■ **DATA PROVIDED**
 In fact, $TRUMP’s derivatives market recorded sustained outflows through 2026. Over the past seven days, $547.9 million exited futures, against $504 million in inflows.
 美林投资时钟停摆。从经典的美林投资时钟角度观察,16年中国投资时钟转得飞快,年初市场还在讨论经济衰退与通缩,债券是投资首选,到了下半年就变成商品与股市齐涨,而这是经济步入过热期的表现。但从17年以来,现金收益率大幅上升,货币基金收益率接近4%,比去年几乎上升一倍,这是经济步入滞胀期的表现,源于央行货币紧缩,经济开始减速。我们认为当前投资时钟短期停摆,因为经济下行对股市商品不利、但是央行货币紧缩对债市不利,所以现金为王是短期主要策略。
---
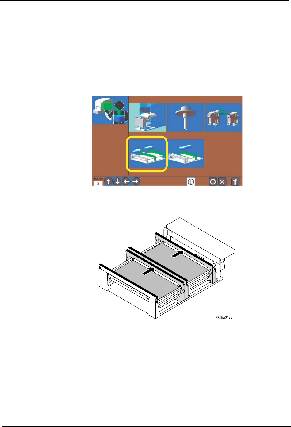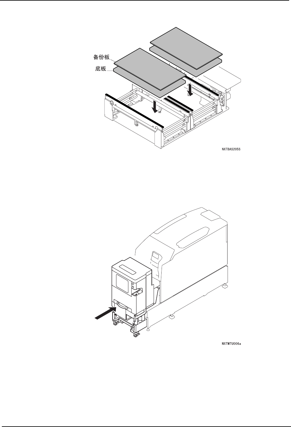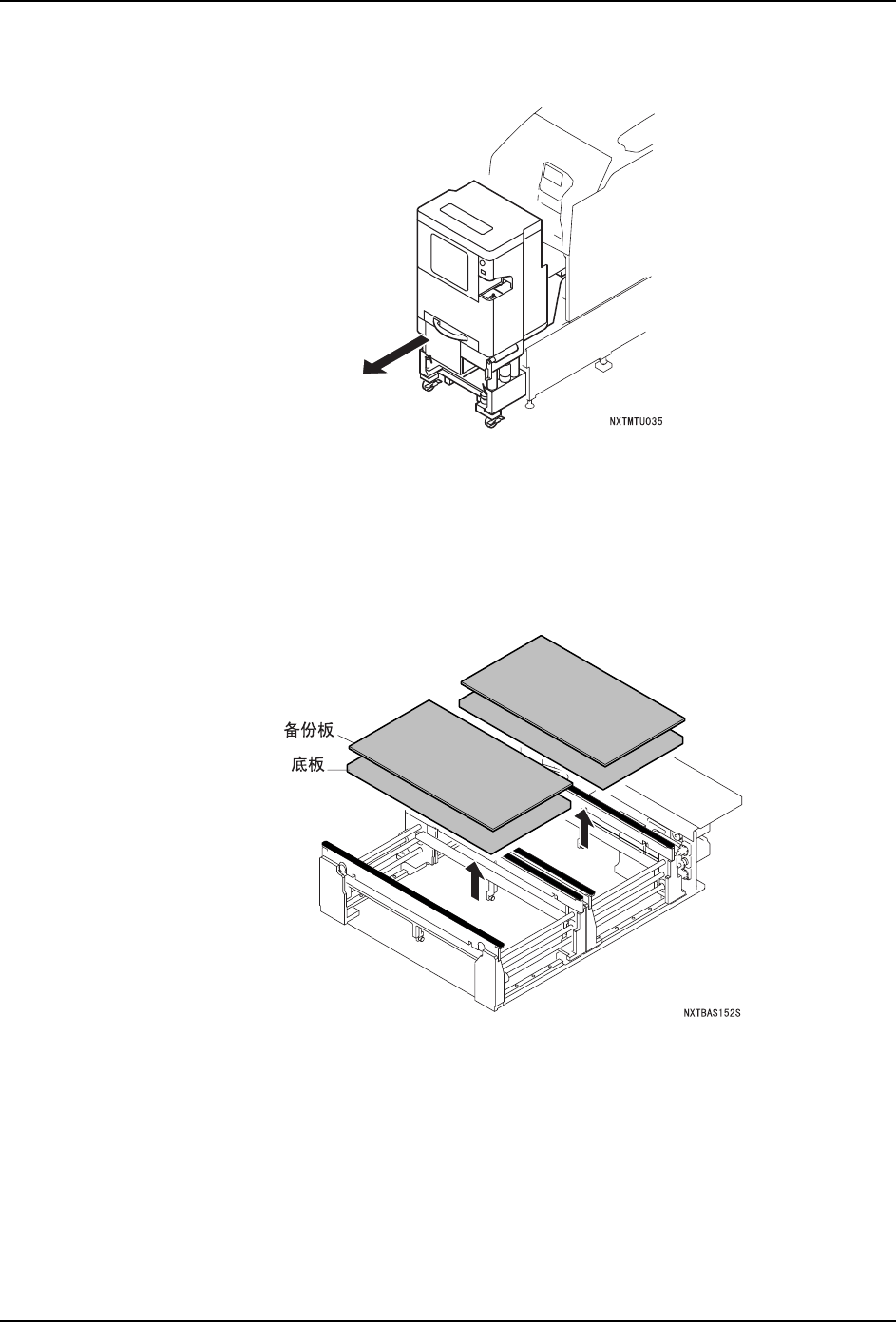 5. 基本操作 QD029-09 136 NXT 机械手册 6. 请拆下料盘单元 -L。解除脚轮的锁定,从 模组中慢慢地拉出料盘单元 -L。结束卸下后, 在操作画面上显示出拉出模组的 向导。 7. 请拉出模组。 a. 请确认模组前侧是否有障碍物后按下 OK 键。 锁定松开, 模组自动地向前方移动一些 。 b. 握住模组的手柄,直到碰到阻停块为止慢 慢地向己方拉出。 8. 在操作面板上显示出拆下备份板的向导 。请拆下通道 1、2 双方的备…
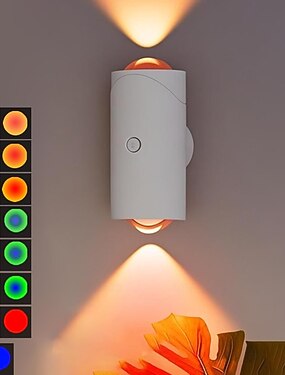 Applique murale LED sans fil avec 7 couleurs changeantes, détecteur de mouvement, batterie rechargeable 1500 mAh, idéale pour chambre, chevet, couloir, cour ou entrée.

■ **DIRECTIONS FOR THIS TASK**
Print only what lies in the material above starting at the line with "In fact, $TRUMP’s" and ending at the line with "美林投资时钟停摆。从经典的美", every line exactly as given.

■ **RESULT OF THE EXERCISE**
 In fact, $TRUMP’s derivatives market recorded sustained outflows through 2026. Over the past seven days, $547.9 million exited futures, against $504 million in inflows.
 美林投资时钟停摆。从经典的美林投资时钟角度观察,16年中国投资时钟转得飞快,年初市场还在讨论经济衰退与通缩,债券是投资首选,到了下半年就变成商品与股市齐涨,而这是经济步入过热期的表现。但从17年以来,现金收益率大幅上升,货币基金收益率接近4%,比去年几乎上升一倍,这是经济步入滞胀期的表现,源于央行货币紧缩,经济开始减速。我们认为当前投资时钟短期停摆,因为经济下行对股市商品不利、但是央行货币紧缩对债市不利,所以现金为王是短期主要策略。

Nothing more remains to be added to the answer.